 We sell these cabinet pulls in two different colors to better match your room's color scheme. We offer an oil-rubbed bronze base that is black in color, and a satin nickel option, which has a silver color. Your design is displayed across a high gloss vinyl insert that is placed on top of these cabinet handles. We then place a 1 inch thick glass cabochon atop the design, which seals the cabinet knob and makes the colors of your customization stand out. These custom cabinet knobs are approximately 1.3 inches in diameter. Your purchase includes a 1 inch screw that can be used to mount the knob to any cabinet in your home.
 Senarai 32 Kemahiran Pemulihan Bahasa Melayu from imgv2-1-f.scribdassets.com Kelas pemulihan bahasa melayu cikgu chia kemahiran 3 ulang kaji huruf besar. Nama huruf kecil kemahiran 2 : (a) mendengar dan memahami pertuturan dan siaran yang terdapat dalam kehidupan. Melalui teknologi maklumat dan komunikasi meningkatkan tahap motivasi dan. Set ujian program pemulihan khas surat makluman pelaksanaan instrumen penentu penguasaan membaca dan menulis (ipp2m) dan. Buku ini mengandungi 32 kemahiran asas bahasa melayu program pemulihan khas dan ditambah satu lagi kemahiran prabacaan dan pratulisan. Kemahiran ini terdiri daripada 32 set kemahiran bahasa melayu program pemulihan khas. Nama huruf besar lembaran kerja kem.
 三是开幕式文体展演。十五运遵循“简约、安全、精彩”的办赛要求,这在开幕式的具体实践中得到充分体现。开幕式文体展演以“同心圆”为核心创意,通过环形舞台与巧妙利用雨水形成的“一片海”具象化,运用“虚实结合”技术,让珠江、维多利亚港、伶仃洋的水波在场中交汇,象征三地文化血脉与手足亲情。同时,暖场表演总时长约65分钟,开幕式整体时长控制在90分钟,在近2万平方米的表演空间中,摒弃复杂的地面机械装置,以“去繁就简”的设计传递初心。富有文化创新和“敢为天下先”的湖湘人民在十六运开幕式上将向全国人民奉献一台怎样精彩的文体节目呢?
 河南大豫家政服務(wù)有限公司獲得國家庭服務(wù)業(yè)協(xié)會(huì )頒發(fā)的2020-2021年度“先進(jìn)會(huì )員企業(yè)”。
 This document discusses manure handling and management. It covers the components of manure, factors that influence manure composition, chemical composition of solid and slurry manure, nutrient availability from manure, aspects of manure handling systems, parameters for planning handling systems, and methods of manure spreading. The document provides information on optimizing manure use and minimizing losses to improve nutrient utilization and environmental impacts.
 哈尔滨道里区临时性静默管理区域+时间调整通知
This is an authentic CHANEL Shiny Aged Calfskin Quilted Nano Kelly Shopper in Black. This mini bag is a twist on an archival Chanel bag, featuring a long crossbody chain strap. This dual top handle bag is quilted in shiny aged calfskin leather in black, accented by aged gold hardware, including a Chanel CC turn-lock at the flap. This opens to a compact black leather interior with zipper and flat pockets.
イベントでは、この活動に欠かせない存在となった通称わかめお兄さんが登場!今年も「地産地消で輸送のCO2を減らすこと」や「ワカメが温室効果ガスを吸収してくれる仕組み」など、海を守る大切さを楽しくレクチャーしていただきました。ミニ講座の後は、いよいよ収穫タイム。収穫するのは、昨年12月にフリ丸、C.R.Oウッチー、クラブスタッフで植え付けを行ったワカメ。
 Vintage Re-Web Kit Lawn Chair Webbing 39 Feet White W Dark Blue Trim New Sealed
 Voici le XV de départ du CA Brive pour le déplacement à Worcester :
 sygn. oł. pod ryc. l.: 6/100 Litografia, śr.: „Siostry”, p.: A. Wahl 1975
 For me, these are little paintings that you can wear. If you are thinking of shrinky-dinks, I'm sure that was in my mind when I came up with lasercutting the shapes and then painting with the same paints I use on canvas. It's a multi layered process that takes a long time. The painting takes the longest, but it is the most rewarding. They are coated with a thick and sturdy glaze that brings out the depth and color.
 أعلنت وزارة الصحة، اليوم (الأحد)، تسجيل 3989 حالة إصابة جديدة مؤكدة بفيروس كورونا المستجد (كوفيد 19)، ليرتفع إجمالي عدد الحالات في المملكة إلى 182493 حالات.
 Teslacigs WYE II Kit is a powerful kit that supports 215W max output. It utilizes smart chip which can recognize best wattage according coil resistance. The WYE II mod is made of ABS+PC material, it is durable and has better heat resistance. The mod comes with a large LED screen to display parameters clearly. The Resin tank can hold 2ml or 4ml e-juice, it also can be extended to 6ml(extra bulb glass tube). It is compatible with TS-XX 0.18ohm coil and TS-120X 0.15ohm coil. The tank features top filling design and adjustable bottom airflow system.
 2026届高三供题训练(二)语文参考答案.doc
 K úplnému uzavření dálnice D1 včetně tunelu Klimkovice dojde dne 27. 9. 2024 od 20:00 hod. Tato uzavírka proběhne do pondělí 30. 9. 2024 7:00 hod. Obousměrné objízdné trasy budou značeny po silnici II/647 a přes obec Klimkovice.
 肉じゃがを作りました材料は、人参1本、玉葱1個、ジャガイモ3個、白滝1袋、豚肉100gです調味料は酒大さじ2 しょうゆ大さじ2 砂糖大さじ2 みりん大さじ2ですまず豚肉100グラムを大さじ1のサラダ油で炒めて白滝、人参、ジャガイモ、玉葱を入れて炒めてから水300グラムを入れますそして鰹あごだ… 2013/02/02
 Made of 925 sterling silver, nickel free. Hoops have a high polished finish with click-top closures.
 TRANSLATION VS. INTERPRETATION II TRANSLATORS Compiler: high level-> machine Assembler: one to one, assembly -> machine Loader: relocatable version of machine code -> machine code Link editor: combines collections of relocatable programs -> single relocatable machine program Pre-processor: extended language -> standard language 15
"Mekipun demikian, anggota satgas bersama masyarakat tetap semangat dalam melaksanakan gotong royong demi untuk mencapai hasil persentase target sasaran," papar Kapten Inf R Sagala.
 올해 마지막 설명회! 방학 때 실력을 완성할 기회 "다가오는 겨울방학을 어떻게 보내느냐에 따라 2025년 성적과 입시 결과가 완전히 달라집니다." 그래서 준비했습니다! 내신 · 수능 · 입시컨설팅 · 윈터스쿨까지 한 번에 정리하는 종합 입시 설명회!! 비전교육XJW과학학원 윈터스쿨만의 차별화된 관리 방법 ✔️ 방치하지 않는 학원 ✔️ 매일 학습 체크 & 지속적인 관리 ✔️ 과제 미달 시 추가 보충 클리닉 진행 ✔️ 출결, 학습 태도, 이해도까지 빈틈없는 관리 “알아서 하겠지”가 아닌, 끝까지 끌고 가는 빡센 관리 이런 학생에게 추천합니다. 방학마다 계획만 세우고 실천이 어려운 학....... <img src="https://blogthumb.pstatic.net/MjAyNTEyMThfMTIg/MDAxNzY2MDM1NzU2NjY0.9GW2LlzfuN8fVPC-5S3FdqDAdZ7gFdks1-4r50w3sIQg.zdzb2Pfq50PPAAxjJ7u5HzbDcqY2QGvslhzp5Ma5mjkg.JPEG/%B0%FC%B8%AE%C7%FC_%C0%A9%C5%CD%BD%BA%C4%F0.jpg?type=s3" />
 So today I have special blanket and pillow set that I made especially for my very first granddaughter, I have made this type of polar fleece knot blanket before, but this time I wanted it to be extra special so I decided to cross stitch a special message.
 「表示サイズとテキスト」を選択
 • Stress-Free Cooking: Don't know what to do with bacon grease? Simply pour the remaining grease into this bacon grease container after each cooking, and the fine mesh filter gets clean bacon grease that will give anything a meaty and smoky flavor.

→ Activity
Copy every line of the records word for word.

→ Final answer
 We sell these cabinet pulls in two different colors to better match your room's color scheme. We offer an oil-rubbed bronze base that is black in color, and a satin nickel option, which has a silver color. Your design is displayed across a high gloss vinyl insert that is placed on top of these cabinet handles. We then place a 1 inch thick glass cabochon atop the design, which seals the cabinet knob and makes the colors of your customization stand out. These custom cabinet knobs are approximately 1.3 inches in diameter. Your purchase includes a 1 inch screw that can be used to mount the knob to any cabinet in your home.
 Senarai 32 Kemahiran Pemulihan Bahasa Melayu from imgv2-1-f.scribdassets.com Kelas pemulihan bahasa melayu cikgu chia kemahiran 3 ulang kaji huruf besar. Nama huruf kecil kemahiran 2 : (a) mendengar dan memahami pertuturan dan siaran yang terdapat dalam kehidupan. Melalui teknologi maklumat dan komunikasi meningkatkan tahap motivasi dan. Set ujian program pemulihan khas surat makluman pelaksanaan instrumen penentu penguasaan membaca dan menulis (ipp2m) dan. Buku ini mengandungi 32 kemahiran asas bahasa melayu program pemulihan khas dan ditambah satu lagi kemahiran prabacaan dan pratulisan. Kemahiran ini terdiri daripada 32 set kemahiran bahasa melayu program pemulihan khas. Nama huruf besar lembaran kerja kem.
 三是开幕式文体展演。十五运遵循“简约、安全、精彩”的办赛要求,这在开幕式的具体实践中得到充分体现。开幕式文体展演以“同心圆”为核心创意,通过环形舞台与巧妙利用雨水形成的“一片海”具象化,运用“虚实结合”技术,让珠江、维多利亚港、伶仃洋的水波在场中交汇,象征三地文化血脉与手足亲情。同时,暖场表演总时长约65分钟,开幕式整体时长控制在90分钟,在近2万平方米的表演空间中,摒弃复杂的地面机械装置,以“去繁就简”的设计传递初心。富有文化创新和“敢为天下先”的湖湘人民在十六运开幕式上将向全国人民奉献一台怎样精彩的文体节目呢?
 河南大豫家政服務(wù)有限公司獲得國家庭服務(wù)業(yè)協(xié)會(huì )頒發(fā)的2020-2021年度“先進(jìn)會(huì )員企業(yè)”。
 This document discusses manure handling and management. It covers the components of manure, factors that influence manure composition, chemical composition of solid and slurry manure, nutrient availability from manure, aspects of manure handling systems, parameters for planning handling systems, and methods of manure spreading. The document provides information on optimizing manure use and minimizing losses to improve nutrient utilization and environmental impacts.
 哈尔滨道里区临时性静默管理区域+时间调整通知
This is an authentic CHANEL Shiny Aged Calfskin Quilted Nano Kelly Shopper in Black. This mini bag is a twist on an archival Chanel bag, featuring a long crossbody chain strap. This dual top handle bag is quilted in shiny aged calfskin leather in black, accented by aged gold hardware, including a Chanel CC turn-lock at the flap. This opens to a compact black leather interior with zipper and flat pockets.
イベントでは、この活動に欠かせない存在となった通称わかめお兄さんが登場!今年も「地産地消で輸送のCO2を減らすこと」や「ワカメが温室効果ガスを吸収してくれる仕組み」など、海を守る大切さを楽しくレクチャーしていただきました。ミニ講座の後は、いよいよ収穫タイム。収穫するのは、昨年12月にフリ丸、C.R.Oウッチー、クラブスタッフで植え付けを行ったワカメ。
 Vintage Re-Web Kit Lawn Chair Webbing 39 Feet White W Dark Blue Trim New Sealed
 Voici le XV de départ du CA Brive pour le déplacement à Worcester :
 sygn. oł. pod ryc. l.: 6/100 Litografia, śr.: „Siostry”, p.: A. Wahl 1975
 For me, these are little paintings that you can wear. If you are thinking of shrinky-dinks, I'm sure that was in my mind when I came up with lasercutting the shapes and then painting with the same paints I use on canvas. It's a multi layered process that takes a long time. The painting takes the longest, but it is the most rewarding. They are coated with a thick and sturdy glaze that brings out the depth and color.
 أعلنت وزارة الصحة، اليوم (الأحد)، تسجيل 3989 حالة إصابة جديدة مؤكدة بفيروس كورونا المستجد (كوفيد 19)، ليرتفع إجمالي عدد الحالات في المملكة إلى 182493 حالات.
 Teslacigs WYE II Kit is a powerful kit that supports 215W max output. It utilizes smart chip which can recognize best wattage according coil resistance. The WYE II mod is made of ABS+PC material, it is durable and has better heat resistance. The mod comes with a large LED screen to display parameters clearly. The Resin tank can hold 2ml or 4ml e-juice, it also can be extended to 6ml(extra bulb glass tube). It is compatible with TS-XX 0.18ohm coil and TS-120X 0.15ohm coil. The tank features top filling design and adjustable bottom airflow system.
 2026届高三供题训练(二)语文参考答案.doc
 K úplnému uzavření dálnice D1 včetně tunelu Klimkovice dojde dne 27. 9. 2024 od 20:00 hod. Tato uzavírka proběhne do pondělí 30. 9. 2024 7:00 hod. Obousměrné objízdné trasy budou značeny po silnici II/647 a přes obec Klimkovice.
 肉じゃがを作りました材料は、人参1本、玉葱1個、ジャガイモ3個、白滝1袋、豚肉100gです調味料は酒大さじ2 しょうゆ大さじ2 砂糖大さじ2 みりん大さじ2ですまず豚肉100グラムを大さじ1のサラダ油で炒めて白滝、人参、ジャガイモ、玉葱を入れて炒めてから水300グラムを入れますそして鰹あごだ… 2013/02/02
 Made of 925 sterling silver, nickel free. Hoops have a high polished finish with click-top closures.
 TRANSLATION VS. INTERPRETATION II TRANSLATORS Compiler: high level-> machine Assembler: one to one, assembly -> machine Loader: relocatable version of machine code -> machine code Link editor: combines collections of relocatable programs -> single relocatable machine program Pre-processor: extended language -> standard language 15
"Mekipun demikian, anggota satgas bersama masyarakat tetap semangat dalam melaksanakan gotong royong demi untuk mencapai hasil persentase target sasaran," papar Kapten Inf R Sagala.
 올해 마지막 설명회! 방학 때 실력을 완성할 기회 "다가오는 겨울방학을 어떻게 보내느냐에 따라 2025년 성적과 입시 결과가 완전히 달라집니다." 그래서 준비했습니다! 내신 · 수능 · 입시컨설팅 · 윈터스쿨까지 한 번에 정리하는 종합 입시 설명회!! 비전교육XJW과학학원 윈터스쿨만의 차별화된 관리 방법 ✔️ 방치하지 않는 학원 ✔️ 매일 학습 체크 & 지속적인 관리 ✔️ 과제 미달 시 추가 보충 클리닉 진행 ✔️ 출결, 학습 태도, 이해도까지 빈틈없는 관리 “알아서 하겠지”가 아닌, 끝까지 끌고 가는 빡센 관리 이런 학생에게 추천합니다. 방학마다 계획만 세우고 실천이 어려운 학....... <img src="https://blogthumb.pstatic.net/MjAyNTEyMThfMTIg/MDAxNzY2MDM1NzU2NjY0.9GW2LlzfuN8fVPC-5S3FdqDAdZ7gFdks1-4r50w3sIQg.zdzb2Pfq50PPAAxjJ7u5HzbDcqY2QGvslhzp5Ma5mjkg.JPEG/%B0%FC%B8%AE%C7%FC_%C0%A9%C5%CD%BD%BA%C4%F0.jpg?type=s3" />
 So today I have special blanket and pillow set that I made especially for my very first granddaughter, I have made this type of polar fleece knot blanket before, but this time I wanted it to be extra special so I decided to cross stitch a special message.
 「表示サイズとテキスト」を選択
 • Stress-Free Cooking: Don't know what to do with bacon grease? Simply pour the remaining grease into this bacon grease container after each cooking, and the fine mesh filter gets clean bacon grease that will give anything a meaty and smoky flavor.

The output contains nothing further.